When it comes to quilting, in the hoop projects, and other projects done on an embroidery machine, selecting the appropriate batting is essential to achieve the desired outcome. Batting refers to the layer of material placed between the quilt top and backing fabric, providing insulation, loft, and stability to the project. Here are some different types of batting commonly used for these projects:

  1. Cotton Batting: Cotton batting is a popular choice for quilting projects. It is made from natural cotton fibers and offers a soft and breathable feel. Cotton batting provides a traditional, flat appearance and is suitable for both hand and machine quilting. It tends to shrink slightly after washing, giving the quilt a classic crinkled look.

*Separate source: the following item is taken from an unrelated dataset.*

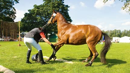 Springt das Pferd vor Schreck zur Seite oder flüchtet rückwärts, beginnen Sie von vorne. Beginnen Sie immer mit leichten Übungen, die Sie steigern. Wichtig ist, dass Sie das Pferd weder überfordern noch bestrafen. Wie das Pferd vom Knistern darf sich der Führer nicht von der Reaktion des Pferds beeindrucken lassen. Zeigt er Angst, überträgt sich das aufs Pferd. „Es möchte sich dann erst recht nicht der unheimlichen Flasche auf dem Boden nähern“, erklärt Oswald.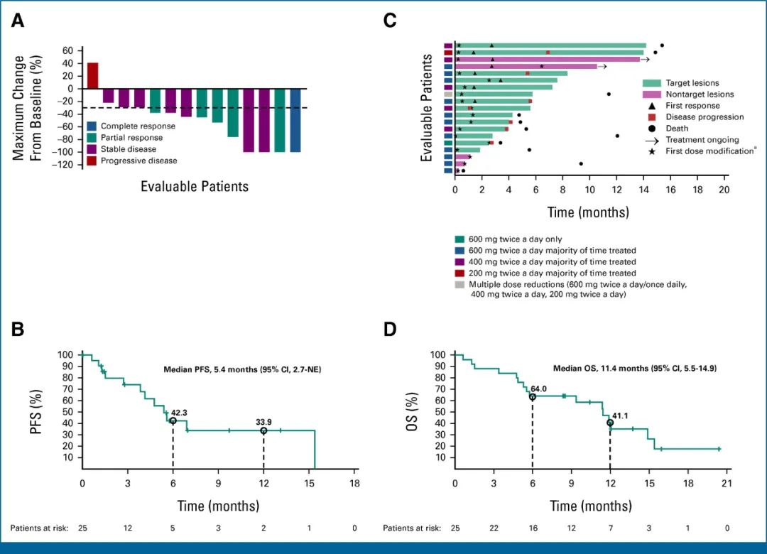 所有出现颅内反应的患者在研究期间也进行了剂量调整;4名应答者在第二次进行扫描检查时首次发现治疗应答。全身ORR为30%,中位DOR为5.6个月,中位PFS为5.3个月。可根据mRANO-BM标准评估颅内治疗活性的患者(n=20)中,经确认的颅内ORR为35%,颅内DCR为85%。

  2. Polyester Batting: Polyester batting is made from synthetic fibers and is known for its resiliency and loft. It provides a fuller appearance and maintains its shape well over time. Polyester batting is often used for high-loft projects like bedspreads or decorative quilts. It is machine washable and non-allergenic, making it a suitable choice for those with allergies.

  3. Wool Batting: Wool batting is crafted from natural sheep's wool and offers excellent insulation and breathability. It has a lightweight and lofty feel, providing a fluffy appearance to quilts. Wool batting is warm and cozy, making it ideal for cold climates. It is also naturally fire-resistant and resistant to mold and mildew.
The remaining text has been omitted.